Work order: Reproduce only this stretch of the listing below: from the line with "To make the" through the line with "AITA for refusing", exactly as written, with pictures excluded.

Stored data:

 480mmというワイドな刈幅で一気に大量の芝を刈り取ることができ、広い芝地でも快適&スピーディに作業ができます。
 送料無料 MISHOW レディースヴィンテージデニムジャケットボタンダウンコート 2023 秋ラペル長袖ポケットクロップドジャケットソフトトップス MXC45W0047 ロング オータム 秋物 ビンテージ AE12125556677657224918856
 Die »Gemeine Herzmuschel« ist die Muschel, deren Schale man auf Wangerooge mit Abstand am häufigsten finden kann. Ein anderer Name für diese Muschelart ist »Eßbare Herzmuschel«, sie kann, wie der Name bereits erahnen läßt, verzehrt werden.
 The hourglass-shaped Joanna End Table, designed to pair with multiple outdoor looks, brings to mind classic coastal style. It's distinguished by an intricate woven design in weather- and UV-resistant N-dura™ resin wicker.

==

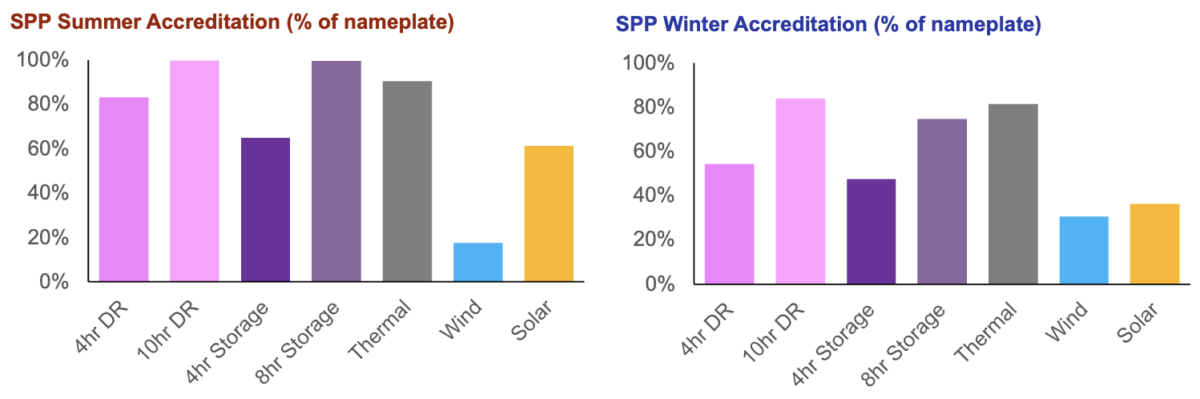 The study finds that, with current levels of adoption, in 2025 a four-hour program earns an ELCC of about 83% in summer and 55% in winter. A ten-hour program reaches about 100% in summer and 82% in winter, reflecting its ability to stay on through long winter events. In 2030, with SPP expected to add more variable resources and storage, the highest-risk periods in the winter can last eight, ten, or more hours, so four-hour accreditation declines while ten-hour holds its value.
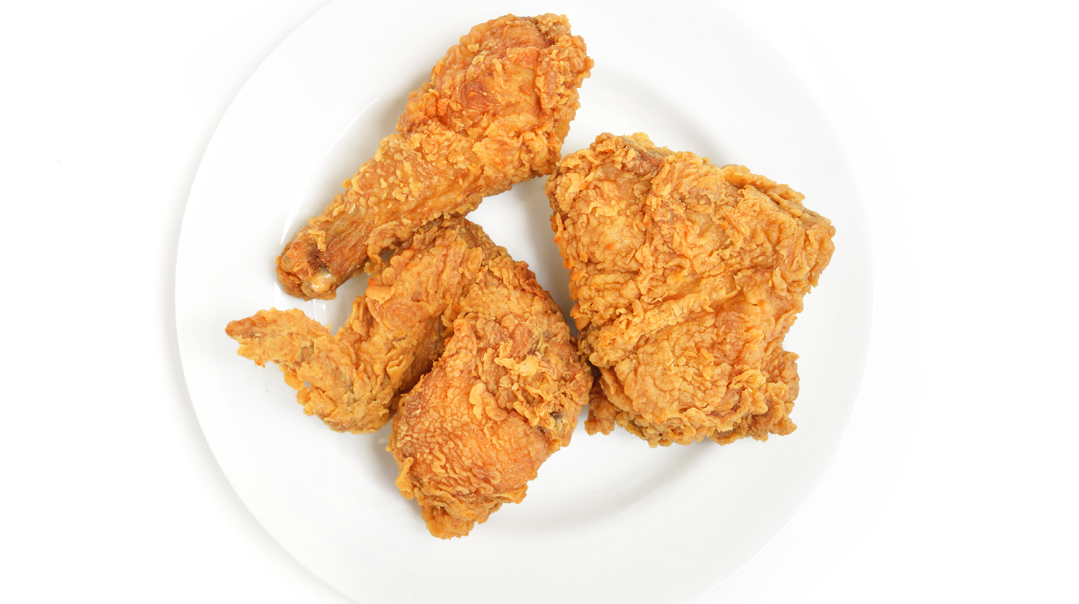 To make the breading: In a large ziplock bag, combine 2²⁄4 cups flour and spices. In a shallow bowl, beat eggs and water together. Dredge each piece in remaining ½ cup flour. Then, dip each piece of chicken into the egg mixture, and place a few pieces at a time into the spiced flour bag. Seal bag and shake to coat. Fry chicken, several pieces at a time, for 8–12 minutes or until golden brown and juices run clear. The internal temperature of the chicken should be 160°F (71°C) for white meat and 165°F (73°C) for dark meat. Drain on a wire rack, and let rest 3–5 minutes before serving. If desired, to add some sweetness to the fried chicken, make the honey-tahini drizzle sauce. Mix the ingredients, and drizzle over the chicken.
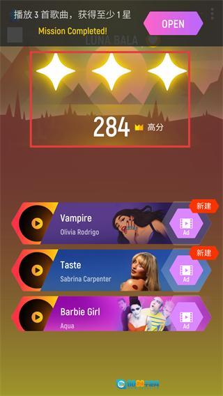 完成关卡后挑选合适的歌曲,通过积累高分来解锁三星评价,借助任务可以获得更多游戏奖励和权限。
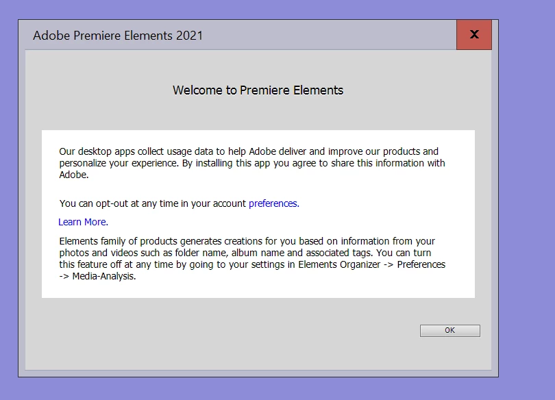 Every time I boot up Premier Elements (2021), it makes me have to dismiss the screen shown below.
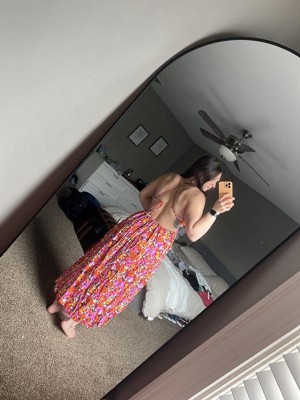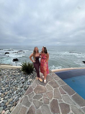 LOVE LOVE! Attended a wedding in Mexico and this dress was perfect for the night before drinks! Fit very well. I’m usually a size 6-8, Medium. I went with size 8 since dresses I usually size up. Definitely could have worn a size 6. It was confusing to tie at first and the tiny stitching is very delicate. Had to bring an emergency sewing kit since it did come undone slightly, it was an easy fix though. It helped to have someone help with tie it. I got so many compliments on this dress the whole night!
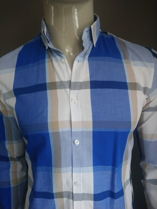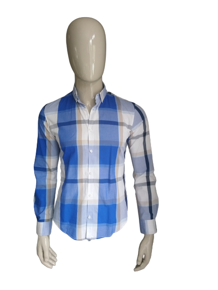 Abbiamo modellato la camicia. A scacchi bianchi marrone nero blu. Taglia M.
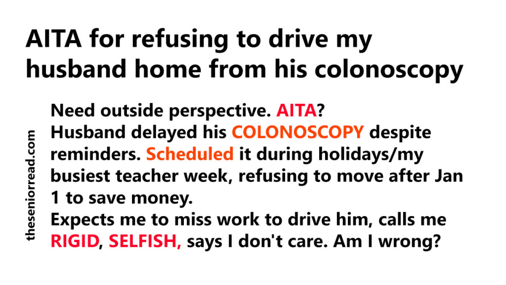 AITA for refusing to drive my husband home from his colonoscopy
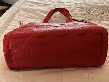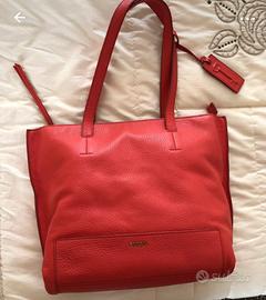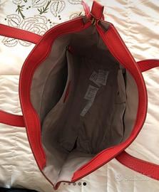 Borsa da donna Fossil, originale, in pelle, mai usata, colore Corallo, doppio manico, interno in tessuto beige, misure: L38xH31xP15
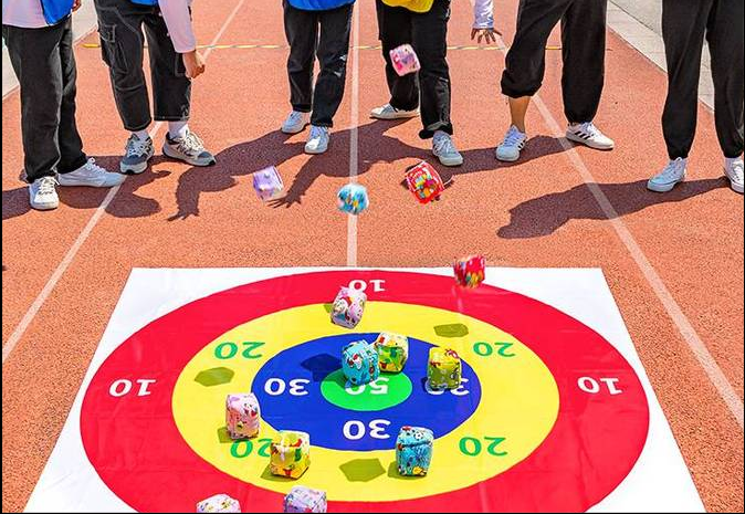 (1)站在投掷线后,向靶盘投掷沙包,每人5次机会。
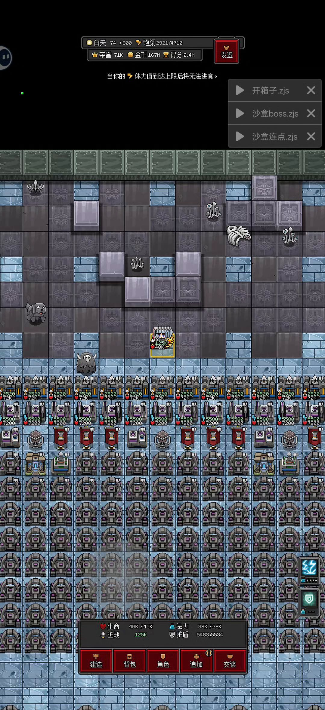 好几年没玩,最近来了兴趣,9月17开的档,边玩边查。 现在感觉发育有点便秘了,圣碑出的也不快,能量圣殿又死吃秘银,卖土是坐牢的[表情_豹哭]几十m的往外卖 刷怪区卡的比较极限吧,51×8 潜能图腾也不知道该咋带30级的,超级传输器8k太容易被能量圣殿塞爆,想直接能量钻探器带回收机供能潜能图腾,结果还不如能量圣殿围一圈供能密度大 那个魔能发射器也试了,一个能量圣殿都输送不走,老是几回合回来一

Answer for this exercise:
 To make the breading: In a large ziplock bag, combine 2²⁄4 cups flour and spices. In a shallow bowl, beat eggs and water together. Dredge each piece in remaining ½ cup flour. Then, dip each piece of chicken into the egg mixture, and place a few pieces at a time into the spiced flour bag. Seal bag and shake to coat. Fry chicken, several pieces at a time, for 8–12 minutes or until golden brown and juices run clear. The internal temperature of the chicken should be 160°F (71°C) for white meat and 165°F (73°C) for dark meat. Drain on a wire rack, and let rest 3–5 minutes before serving. If desired, to add some sweetness to the fried chicken, make the honey-tahini drizzle sauce. Mix the ingredients, and drizzle over the chicken.
 完成关卡后挑选合适的歌曲,通过积累高分来解锁三星评价,借助任务可以获得更多游戏奖励和权限。
 Every time I boot up Premier Elements (2021), it makes me have to dismiss the screen shown below.
 LOVE LOVE! Attended a wedding in Mexico and this dress was perfect for the night before drinks! Fit very well. I’m usually a size 6-8, Medium. I went with size 8 since dresses I usually size up. Definitely could have worn a size 6. It was confusing to tie at first and the tiny stitching is very delicate. Had to bring an emergency sewing kit since it did come undone slightly, it was an easy fix though. It helped to have someone help with tie it. I got so many compliments on this dress the whole night!
 Abbiamo modellato la camicia. A scacchi bianchi marrone nero blu. Taglia M.
 AITA for refusing to drive my husband home from his colonoscopy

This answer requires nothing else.